:: MATERIAL FOR THIS TASK ::

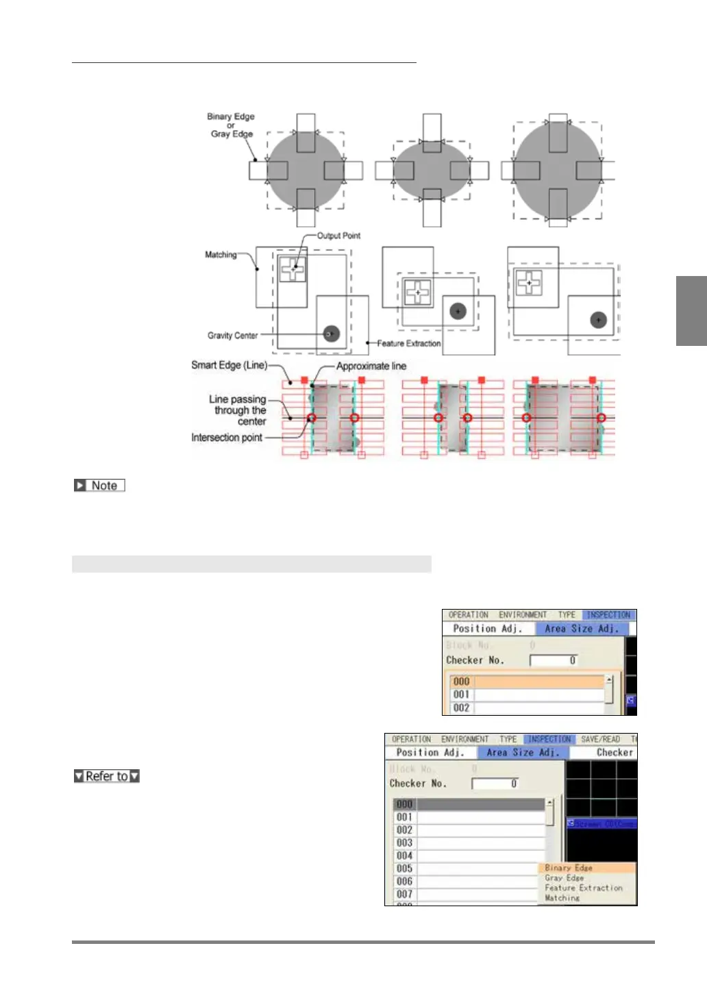 Binary Edge, Gray Edge, Feature Extraction, Smart Matching and Smart Edge (Line) can be set to detect an
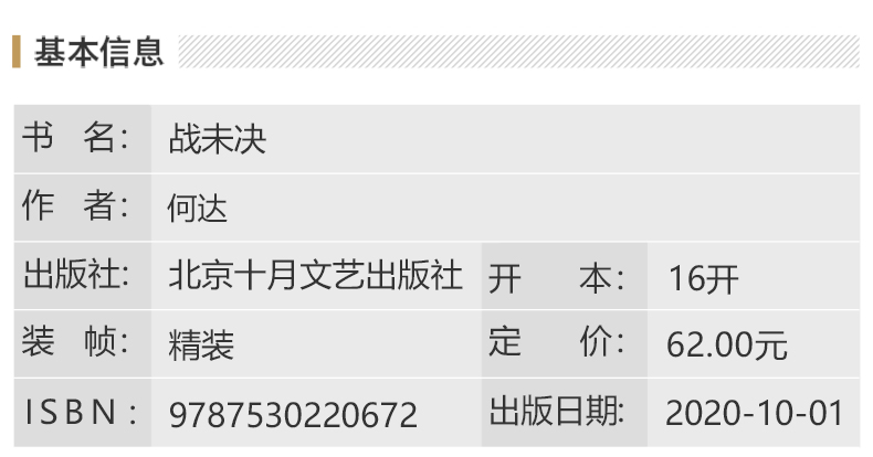《战未决》是作家何达的长篇小说,本书以旷氏家族为中心,反映了社会各阶层在中国共产党领导的抗日民族统一战线旗帜下,同仇敌忾,勇于牺牲,积极投身抗日战争的伟大事迹。小说以旷氏家族三代人的经历与纠葛为主线,多角度地描绘了在抗日战争时期几代人的爱情婚姻和家庭故事,力求塑造一群不同阶层,性格鲜明、生动立体的人物形象,并努力挖掘战争对不同人物内心的猛烈冲击和深刻影响,在语言方面,亲切自然、生动幽默、雅俗共赏。
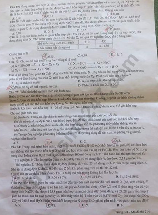 ĐỀ THI MÔN HÓA HỌC MÃ ĐỀ 214
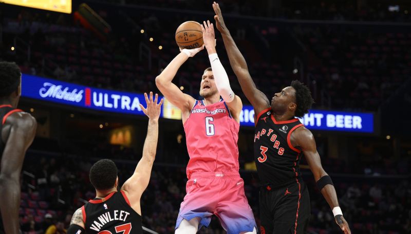 “Wizards” savā laukumā ar rezultātu 119:108 (24:20, 35:30, 30:28, 30:30) pārspēja Toronto “Raptors”, vēsta LETA.
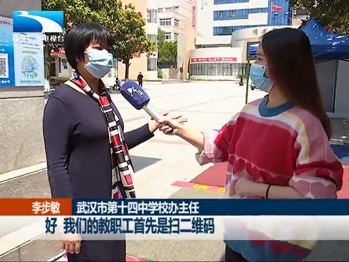 武汉市第十四中学 校办主任 李步敏:我们的教职工首先是扫二维码,我们的学生没有必要了。是按照这个地标的警戒线,保持一米的距离依次地进入校园。然后经过三块消毒地垫,进入到测温门室。体温正常的话会顺着地标垫,依次进入到自己各自的教室。体温异常的话,我们会有专门的体温复检通道,然后再采取相应措施。
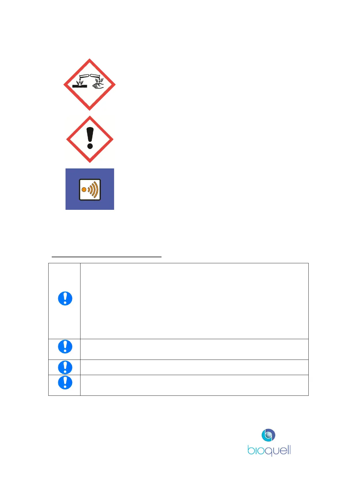 Note: Further information relating to safety for the Hydrogen Peroxide is
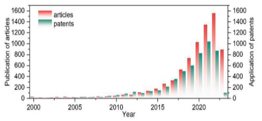 过去二十年中,锂固态电解质和固态锂电池的相关研究进展可大致分为三个阶段。2000年至2010年,年度发表的文章和专利申请数量保持在较低水平。2011年至2015年,文献数量稳步增长,标志着该领域的逐步发展。自2015年以来,文章和专利数量经历了爆炸性增长,并且至今仍在迅速增加。显然,固态电池技术已成为学术界和工业界的热门概念,吸引了全球科学家和工程师的广泛关注。
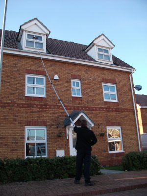 The system works by using purified water that is stored in a tank in our van. This water is pumped through hoses and telescopic poles to jets mounted within the brush heads. In a three stage process the glass is washed, gently scrubbed and rinsed. The windows are left wet after cleaning but dry naturally to a clear "smear free" finish. You should be aware that after the initial clean, there may be some watermarks left due to previous residue. These will however be removed on subsequent washes. With traditional window cleaning methods, soap residue is left behind and so attracts dirt back onto the window. By using pure water, all dirt and chemicals that come into contact with it can be absorbed, leaving a sterile surface and long lasting results.
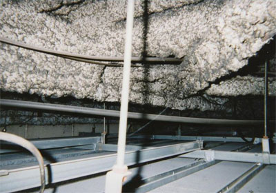 鉄骨の耐火被覆戸デッキ材裏の断熱材ですが、これはさすがにアスベスト吹きつけは禁止されていますから、ロックウール吹き付けとされています。壁の石綿スレート板はまだ実際には貼っていない状況でしたが、これは仕様書通りにいけば、この壁にこれから石綿スレートが貼られる所であります。
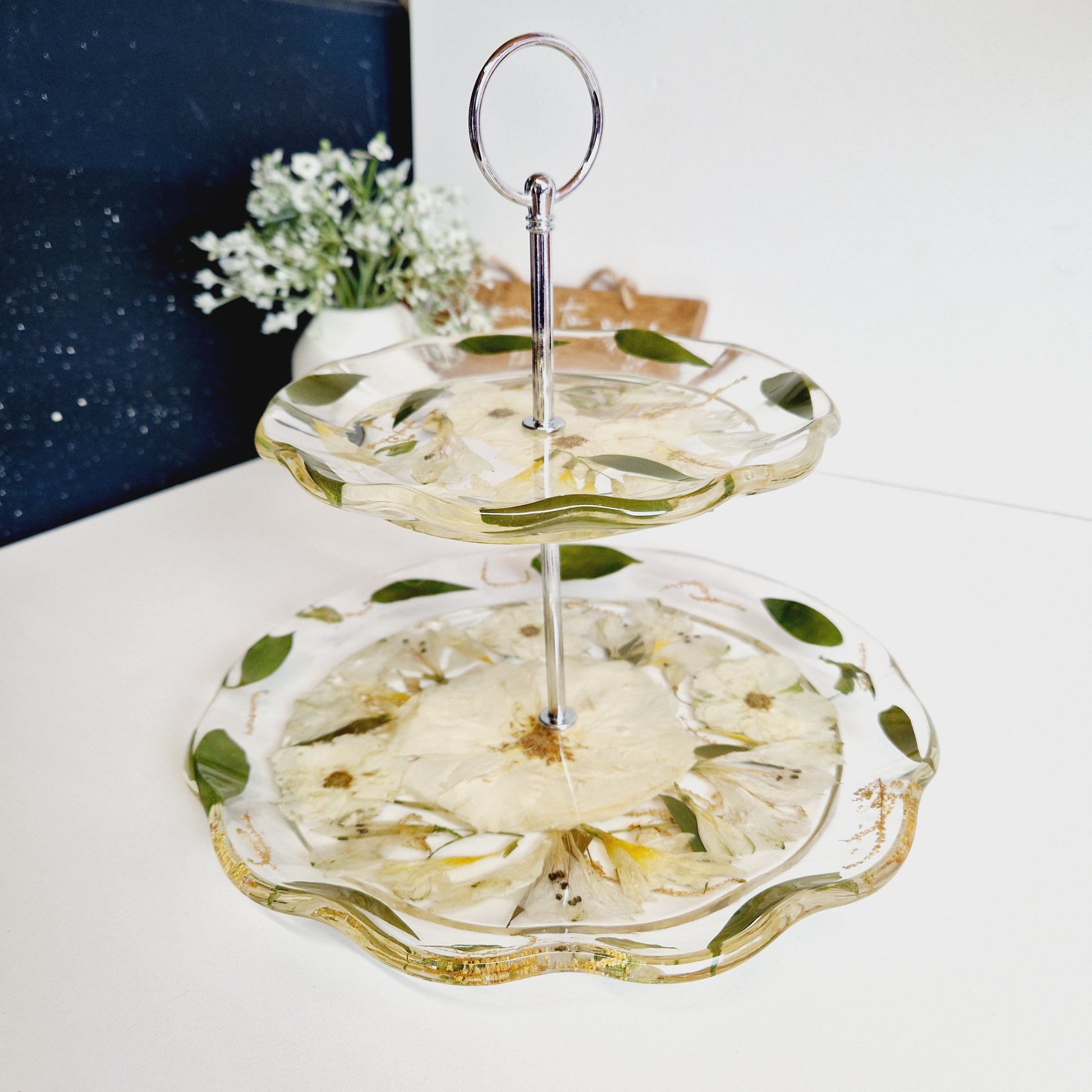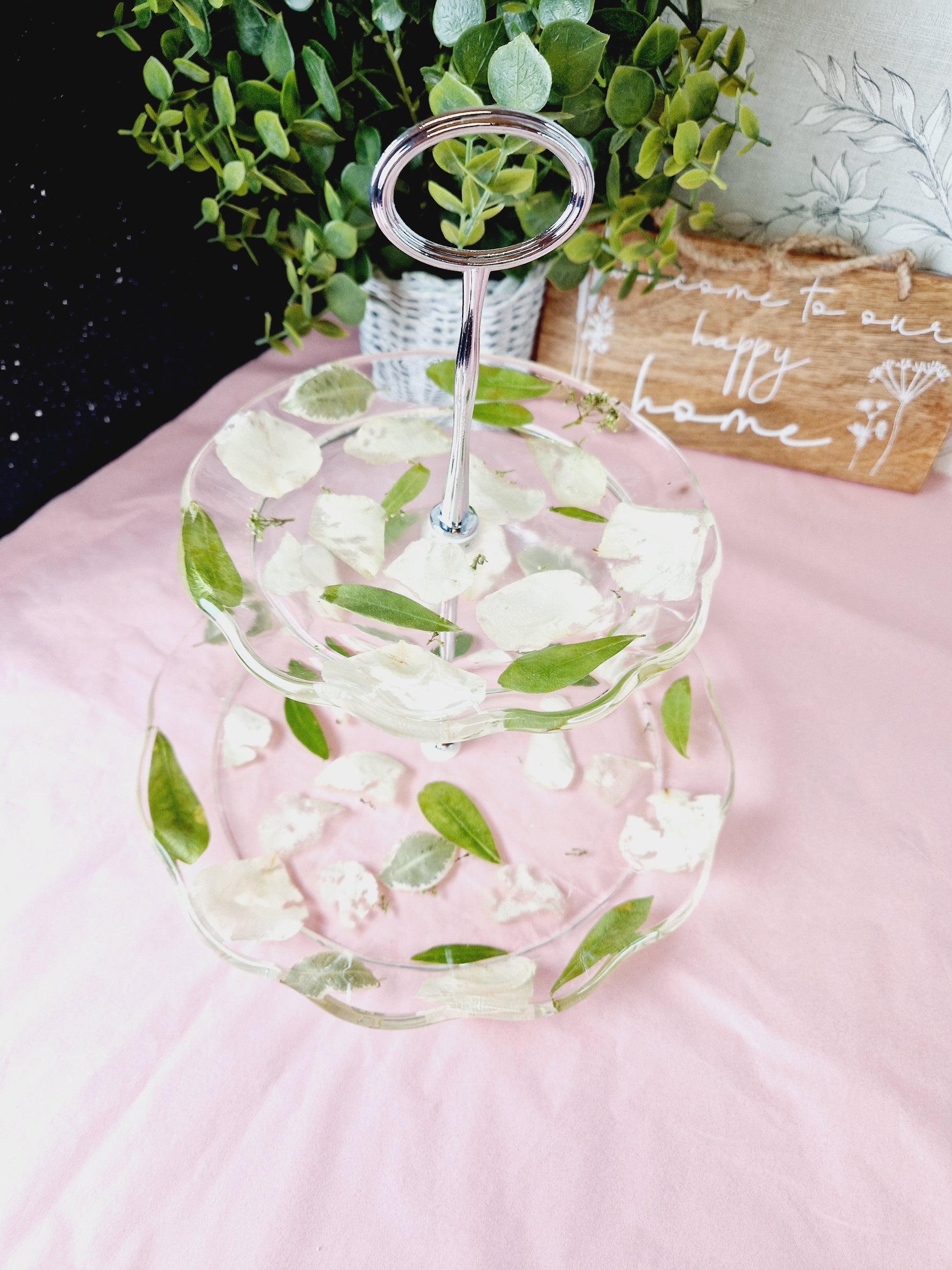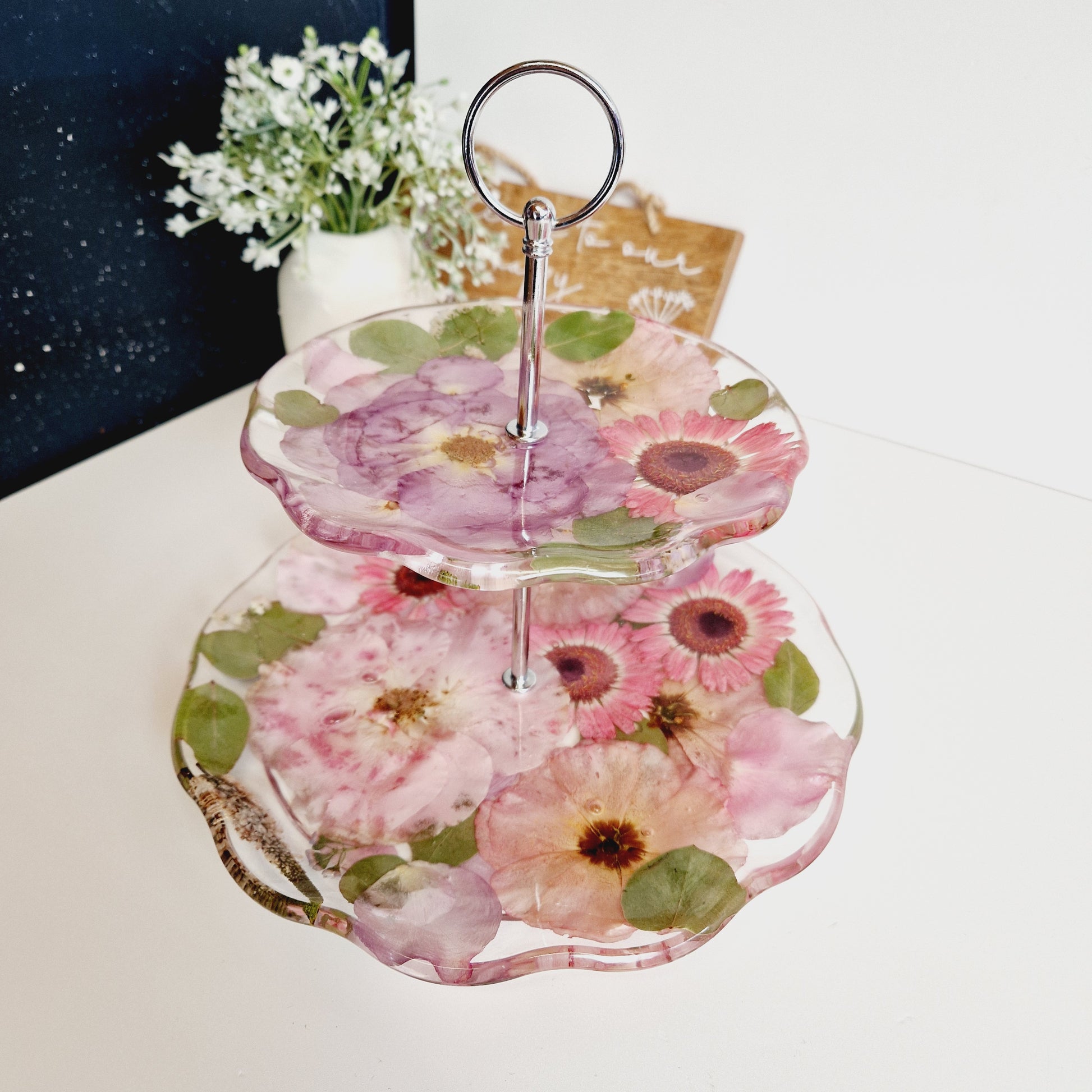 Beautiful 2 tier cake stand made from small flowers or petals.
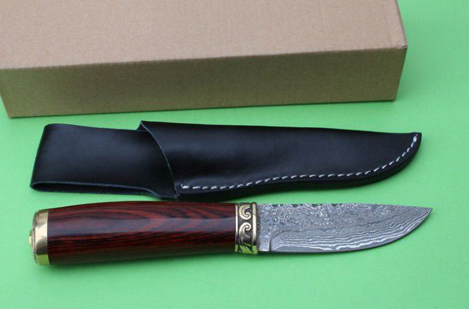 大马士革传说直刀 全 长:210mm 刃 长:90mm 柄 长:115mm 刃 宽:28mm 刃 厚:2.5mm 刃 材:大马士革 重 量:150g(含包装) 硬 度:58HRC 表 面:大马士革原纹 柄 材:双铜头+彩木 锁 型:定锁 其 他:配牛皮套
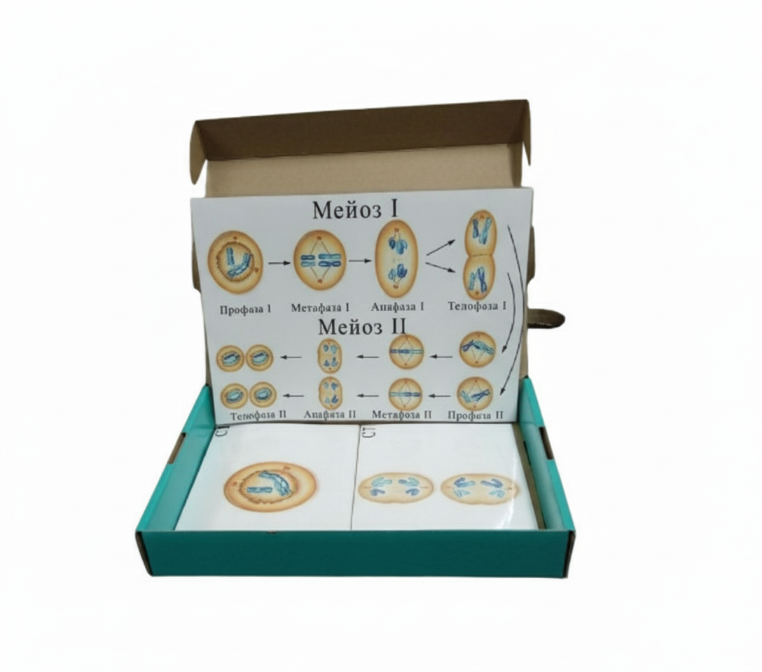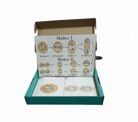 Модель демонструє процес мейозу на основі магнітних карток зі статевими клітинами, призначена для вивчення теми «Генетика» в курсі «Загальна біологія», відповідає вимогам НУШ.
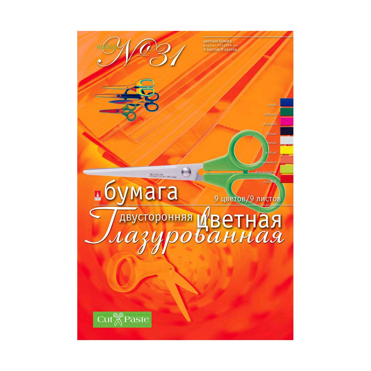 Бумага цветная А4 9л. 9цв. 11-409-60 "Глазурованная" двусторонняя Набор №31 /Альт/
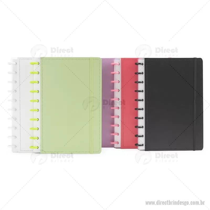 Caderno com capa dura em papelão, elástico para fechamento e encadernação em discos plásticos reposicionáveis, que permitem adicionar ou remover folhas compatíveis com praticidade. Possui aproximadamente 80 folhas brancas pautadas, ideal para anotações e organização do dia a dia. - - DRTGOCAD040
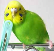 最近のキミちゃん@セキセイはとみにカキカキ星人。メタルラックに挟んである洗濯バサミであよあよーん、自分のケージの針金(前に扉が開くタイプのケージで、その扉を支える針金)でかきかきうっとり、ケージの中につけてあるおもちゃのバードヘッドでごーりごーり。気持ちよくてうっとりとしてる顔とプワっとふくらんだ顔周りの羽が何かに似てるなーと思ったら、ミスドのポンデライオンでした(笑)。さしずめキミちゃんはポンデバードかな?
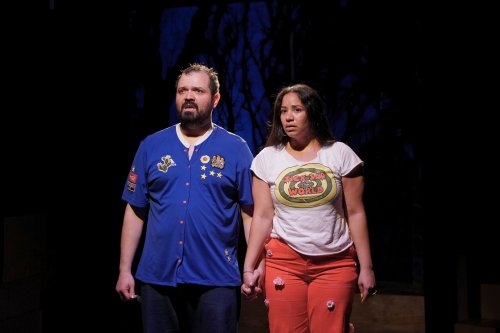 Francisco Arcila as Hamlet and Nefesh Cordero Pino as Ophelia in a scene from Manuel Ortiz’s “Manifest Destiny” at Teatro LATEA at The Clemente Soto Vélez Cultural Center (Photo credit: Viktorija Mickute)
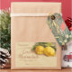 A vintage style label for jams and jellies with an illustration of lemons with green leaves, made from an old postcard painting, with brown coloured scrolls and text. The date can be left for writing the date, or change the dotted text to the year you require.
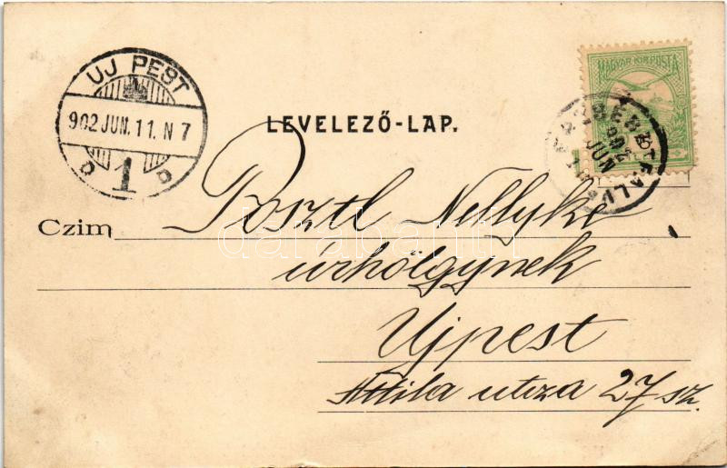 Beschreibung: 1902 Budapest XX. Pestszenterzsébet, Pesterzsébet, Erzsébetfalva; Úri utca Szent Erzsébet gyógyszertár, Havasy Ferenc üzlete és saját kiadása. Art Nouveau (EK)
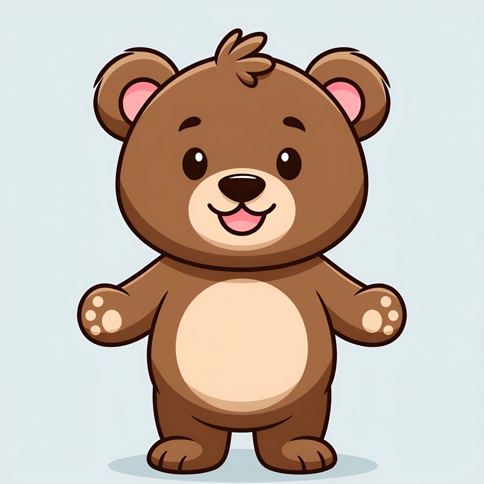 animal, arms outstretched, big eyes, brown bear, cartoon bear, clipart, cute bear, fluffy bear, happy bear, illustration, isolated background, kawaii bear, smiling bear, standing bear, vector bear, teddy bear
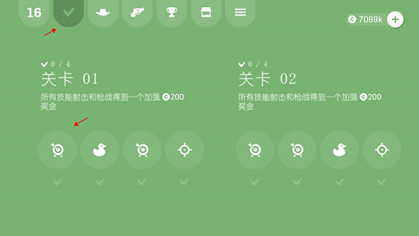 2、看到左上角那个“√”符号没,点它就进了关卡选择。每个大关有4个小关,打通了就有奖励拿。

:::

WHAT IS NEEDED: Repeat the listing above word for word and leave its images out.

WRITTEN SOLUTION:
 Binary Edge, Gray Edge, Feature Extraction, Smart Matching and Smart Edge (Line) can be set to detect an
《战未决》是作家何达的长篇小说,本书以旷氏家族为中心,反映了社会各阶层在中国共产党领导的抗日民族统一战线旗帜下,同仇敌忾,勇于牺牲,积极投身抗日战争的伟大事迹。小说以旷氏家族三代人的经历与纠葛为主线,多角度地描绘了在抗日战争时期几代人的爱情婚姻和家庭故事,力求塑造一群不同阶层,性格鲜明、生动立体的人物形象,并努力挖掘战争对不同人物内心的猛烈冲击和深刻影响,在语言方面,亲切自然、生动幽默、雅俗共赏。
 ĐỀ THI MÔN HÓA HỌC MÃ ĐỀ 214
 “Wizards” savā laukumā ar rezultātu 119:108 (24:20, 35:30, 30:28, 30:30) pārspēja Toronto “Raptors”, vēsta LETA.
 武汉市第十四中学 校办主任 李步敏:我们的教职工首先是扫二维码,我们的学生没有必要了。是按照这个地标的警戒线,保持一米的距离依次地进入校园。然后经过三块消毒地垫,进入到测温门室。体温正常的话会顺着地标垫,依次进入到自己各自的教室。体温异常的话,我们会有专门的体温复检通道,然后再采取相应措施。
 Note: Further information relating to safety for the Hydrogen Peroxide is
 过去二十年中,锂固态电解质和固态锂电池的相关研究进展可大致分为三个阶段。2000年至2010年,年度发表的文章和专利申请数量保持在较低水平。2011年至2015年,文献数量稳步增长,标志着该领域的逐步发展。自2015年以来,文章和专利数量经历了爆炸性增长,并且至今仍在迅速增加。显然,固态电池技术已成为学术界和工业界的热门概念,吸引了全球科学家和工程师的广泛关注。
 The system works by using purified water that is stored in a tank in our van. This water is pumped through hoses and telescopic poles to jets mounted within the brush heads. In a three stage process the glass is washed, gently scrubbed and rinsed. The windows are left wet after cleaning but dry naturally to a clear "smear free" finish. You should be aware that after the initial clean, there may be some watermarks left due to previous residue. These will however be removed on subsequent washes. With traditional window cleaning methods, soap residue is left behind and so attracts dirt back onto the window. By using pure water, all dirt and chemicals that come into contact with it can be absorbed, leaving a sterile surface and long lasting results.
 鉄骨の耐火被覆戸デッキ材裏の断熱材ですが、これはさすがにアスベスト吹きつけは禁止されていますから、ロックウール吹き付けとされています。壁の石綿スレート板はまだ実際には貼っていない状況でしたが、これは仕様書通りにいけば、この壁にこれから石綿スレートが貼られる所であります。
 Beautiful 2 tier cake stand made from small flowers or petals.
 大马士革传说直刀 全 长:210mm 刃 长:90mm 柄 长:115mm 刃 宽:28mm 刃 厚:2.5mm 刃 材:大马士革 重 量:150g(含包装) 硬 度:58HRC 表 面:大马士革原纹 柄 材:双铜头+彩木 锁 型:定锁 其 他:配牛皮套
 Модель демонструє процес мейозу на основі магнітних карток зі статевими клітинами, призначена для вивчення теми «Генетика» в курсі «Загальна біологія», відповідає вимогам НУШ.
 Бумага цветная А4 9л. 9цв. 11-409-60 "Глазурованная" двусторонняя Набор №31 /Альт/
 Caderno com capa dura em papelão, elástico para fechamento e encadernação em discos plásticos reposicionáveis, que permitem adicionar ou remover folhas compatíveis com praticidade. Possui aproximadamente 80 folhas brancas pautadas, ideal para anotações e organização do dia a dia. - - DRTGOCAD040
 最近のキミちゃん@セキセイはとみにカキカキ星人。メタルラックに挟んである洗濯バサミであよあよーん、自分のケージの針金(前に扉が開くタイプのケージで、その扉を支える針金)でかきかきうっとり、ケージの中につけてあるおもちゃのバードヘッドでごーりごーり。気持ちよくてうっとりとしてる顔とプワっとふくらんだ顔周りの羽が何かに似てるなーと思ったら、ミスドのポンデライオンでした(笑)。さしずめキミちゃんはポンデバードかな?
 Francisco Arcila as Hamlet and Nefesh Cordero Pino as Ophelia in a scene from Manuel Ortiz’s “Manifest Destiny” at Teatro LATEA at The Clemente Soto Vélez Cultural Center (Photo credit: Viktorija Mickute)
 A vintage style label for jams and jellies with an illustration of lemons with green leaves, made from an old postcard painting, with brown coloured scrolls and text. The date can be left for writing the date, or change the dotted text to the year you require.
 Beschreibung: 1902 Budapest XX. Pestszenterzsébet, Pesterzsébet, Erzsébetfalva; Úri utca Szent Erzsébet gyógyszertár, Havasy Ferenc üzlete és saját kiadása. Art Nouveau (EK)
 animal, arms outstretched, big eyes, brown bear, cartoon bear, clipart, cute bear, fluffy bear, happy bear, illustration, isolated background, kawaii bear, smiling bear, standing bear, vector bear, teddy bear
 2、看到左上角那个“√”符号没,点它就进了关卡选择。每个大关有4个小关,打通了就有奖励拿。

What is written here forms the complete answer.